Si hablamos de psicología en cuanto
a la difusión de virus, la tecnica de Ingeniería Social ha
dado otra vuelta de tuerca y ha hecho saltar a la palestra un
troyano, SubSeven.
A las pocas horas de la ejecución en EEUU de Timothy McVeigh,
condenado a muerte por el asesinato de 168 personas hace seis
años en Oklahoma (Estados Unidos) mediante una bomba, comenzaba
a circular por Internet una noticia que comunicaba que desde
cierta web se podía descargar un archivo que supuestamente
contenía el vídeo de la muerte de este reo.
No se sabe con seguridad el número de PC's afectados por
SubSeven, pero se estima que la infección no ha debido ser muy
extensa ya que el archivo estuvo en circulación pocas horas y,
dado que SubSeven es un troyano conocido desde hace tiempo, es
detectado por las principales soluciones anti-virus.

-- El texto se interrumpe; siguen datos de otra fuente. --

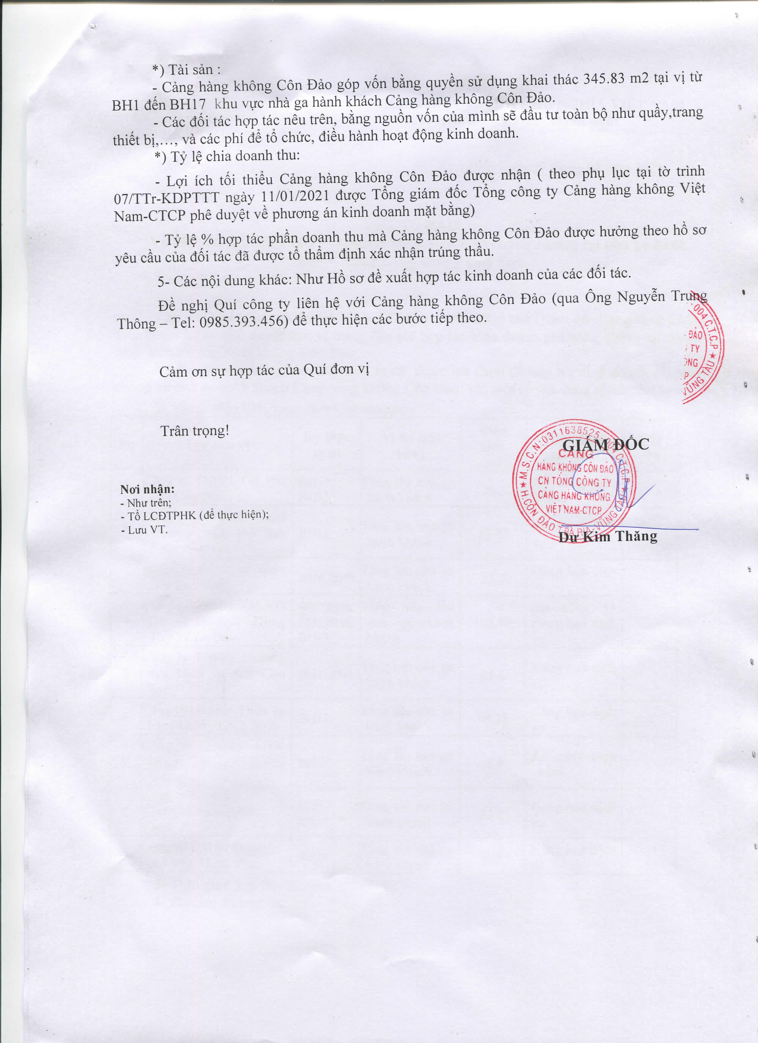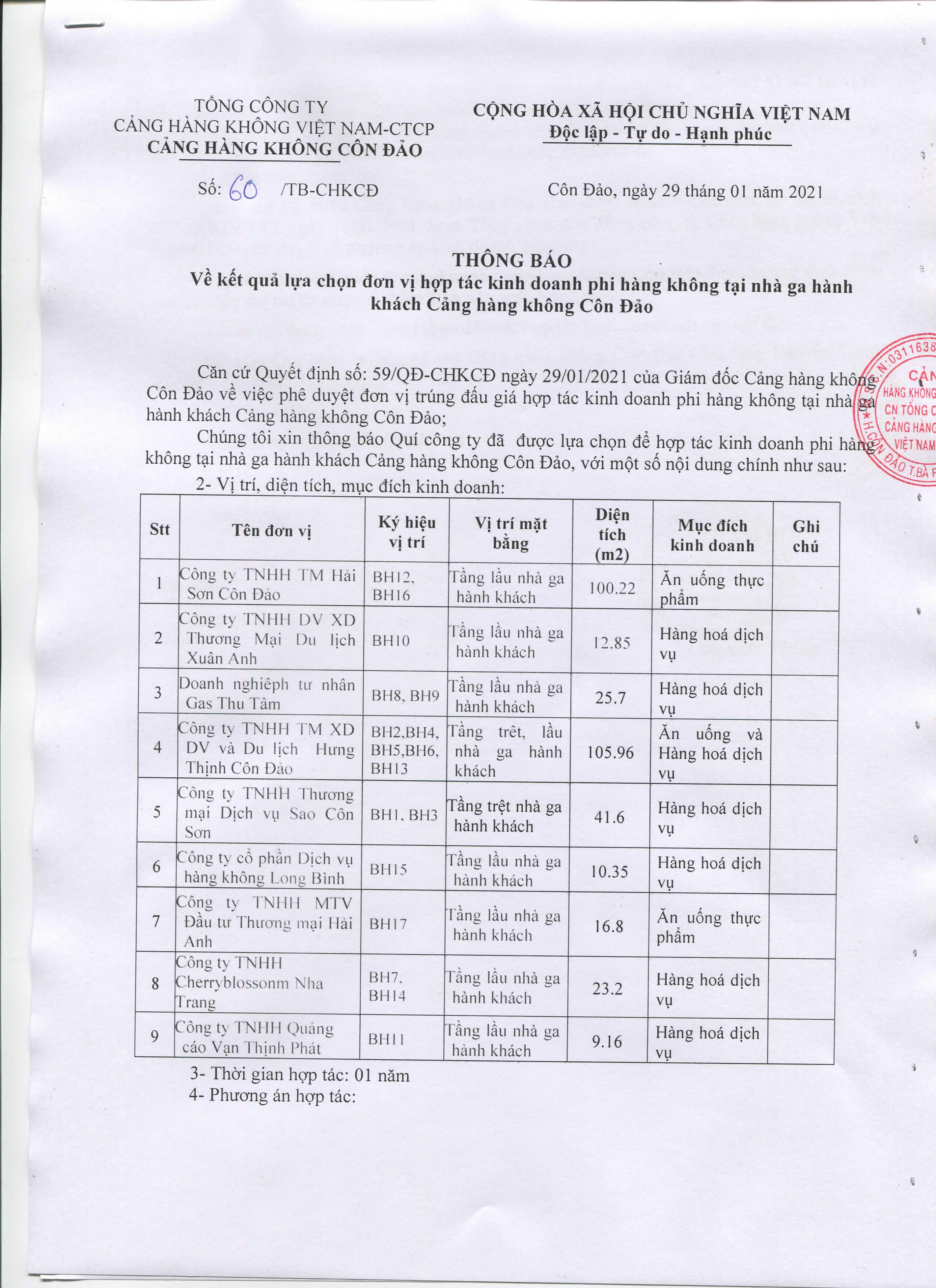 KẾT QUẢ LỰA CHỌN ĐƠN VỊ HỢP TÁC KINH DOANH PHI HÀNG KHÔNG TẠI NHÀ GA HÀNH KHÁCH CẢNG HÀNG KHÔNG CÔN ĐẢO
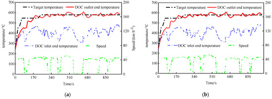 Most of the vehicles in actual road conditions undergo transient operating conditions, such as rapid acceleration or deceleration, and there are drastic changes in the vehicles’ driving speed, road load conditions, engine exhaust flow, exhaust temperature and other disturbing factors in the transient conditions. Therefore, to analyze the performance of the proposed control algorithm strategy in practical applications, real road testing was performed on a light pickup truck with a diesel engine and a DPF aftertreatment system that met the national VI Emission Regulations. Figure 17 shows the road test results under two typical driving conditions, which are divided into urban and suburban driving conditions with average speeds of approximately 40 and 70 km/h, respectively. Analyzing the experimental results shown in Figure 10, the designed algorithm strategy shows the same dynamic response quality and anti-disturbance performance as the aforementioned simulation results, when the disturbances such as vehicle speed, exhaust temperature and exhaust flow rate at the inlet end of the DOC change rapidly during real road driving. The overshoot caused by the change in the target regeneration temperature at the beginning of the regeneration phase is less than 3%, and the system quickly stabilizes without static errors. The target regeneration temperature is set to 580 °C after 300 s of the test. The temperature control algorithm has strong anti-interference power for the changes in vehicle speed and engine exhaust temperature. The tracking error of the real DOC outlet temperature to the target temperature remains within ±20 °C, which ensures the safe, reliable and efficient regeneration of the DPF.
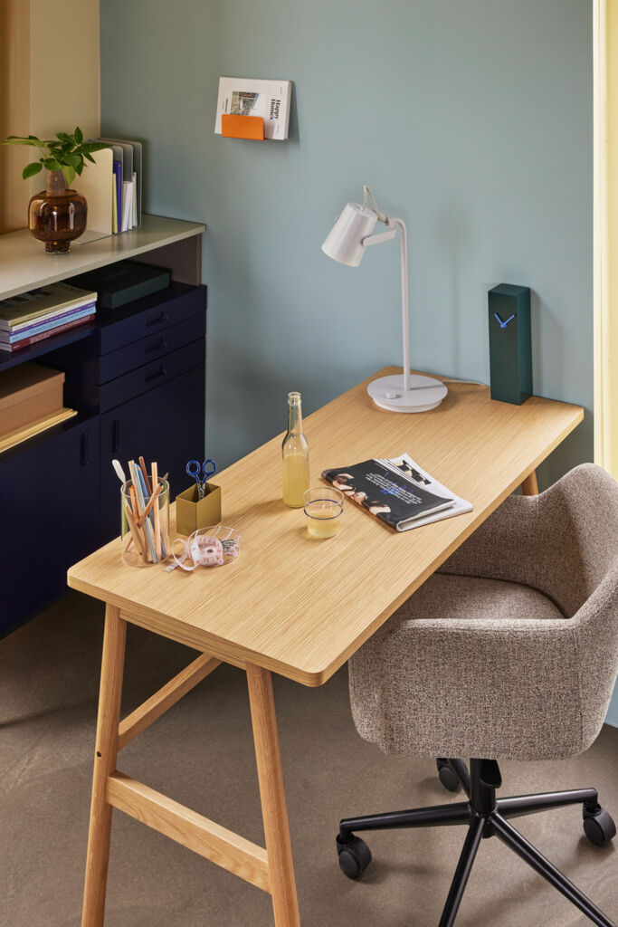 Les bureaux sont devenus aussi indispensables que les chaises et les tables dans une maison. Ce bureau en bois est élégant et chaleureux, minimaliste et pratique. Fabriqué à partir de placage de chêne certifié FSC®, c’est le bureau parfait pour télé-travailler en alliant efficacité et esthétisme.
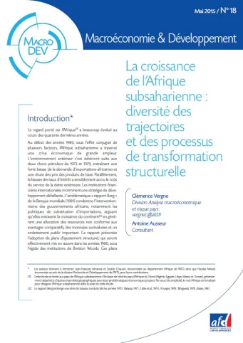 La croissance de l’Afrique subsaharienne : diversité des trajectoires et des processus de transformation structurelle
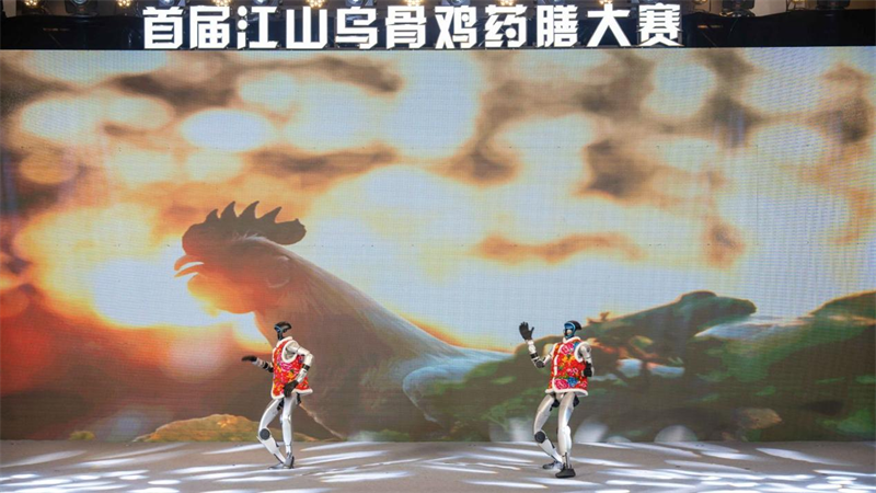 在本次药膳大赛的开幕环节,身着喜庆大花袄、佩戴江山乌骨鸡徽章的智能机器人与活泼可爱的小演员们同台表演了江山乌骨鸡推广宣传曲《闻鸡起舞》。
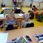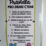 Děti z II. A, které se teprve minulý školní rok staly čtenáři, zvládly už v 1. ročníku společně přečíst dvě knihy ze školní knihovny. Lucka Luciperka Ivony Březinové a Alenčina čítanka Eduarda Petišky je provázely v hodinách čtení od prosince do června. I díky nim si děti vyzkoušely své první dílny čtení, ve kterých teď pokračují pravidelně. Dílna čtení má ve 2. ročníku již své pevné místo v rozvrhu hodin. Žáci si na ni nyní nosí své vlastní knížky, ze kterých si čtou i doma. Na začátku září jsme si společně vytvořili i pravidla dílny čtení, díky nimž mají všichni při individuálním tichém čtení klid na soustředění a při společné reflexi a prezentaci se učí naslouchat dalším dětem a respektovat názory ostatních.
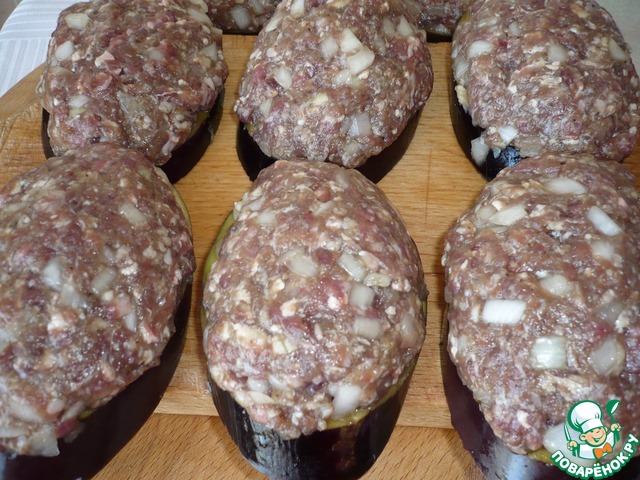 На каждую дольку баклажана выкладываем мясной фарш, прижимаем и формируем лепешку.
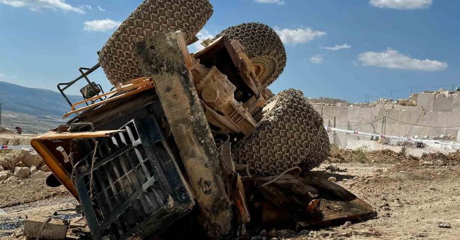 Burdur'da mermer ocağında arıza yapan kepçeyi tamir ederken kepçenin kayıp devrilmesi sonucu altında kalan servis ustası hayatını kaybetti, operatör ise yaralandı.

Las características de este troyano configuran una nueva
generación de ataques contra la seguridad informática. Chris
Ruland, portavoz de Internet Security System, aseguró que:
" estamos presenciando el inicio de la convergencia de
muchas amenazas diferentes, como DDoS, virus y puertas
traseras".
SubSeven también conocido como Backdoor-G surgió hace dos
años de la mano del craker Mobman con el fin de que un atacante
pueda realizar en el equipo infectado acciones como: ejecutar
comandos, abrir servidores FTP, identificar contraseñas,
modificar los registros del sistema, cambiar o borrar archivos,
enviar e-mails, capturar el tráfico de red, etc.
Este gusano puede instalarse en un equipo sin el conocimiento
del usuario. Según Steve Gottwall, director de marketing de
producto de la firma F-Secure el peligro de los caballos
"troyanos" radica en " que se pueden instalar en
un sistema sin que se sepa que están ahí, y el hacker tiene
tal control que puede encender el micrófono y la videocámara
del ordenador y ver y escuchar al usuario".
Los piratas informáticos diseñan cada día gusanos más
"inteligentes" y destructivos que son capaces de
introducirse en el interior de los sistemas sin que los usuarios
se den cuenta, produciendo de esta manera una mayor sensación
de inseguridad.
Esta nueva noticia de amenazas en Internet nos demuestra que
los hackers no se detienen en su afán saboteador incluso ni
ante el dudoso gusto de ofrecer imágenes de ejecuciones reales.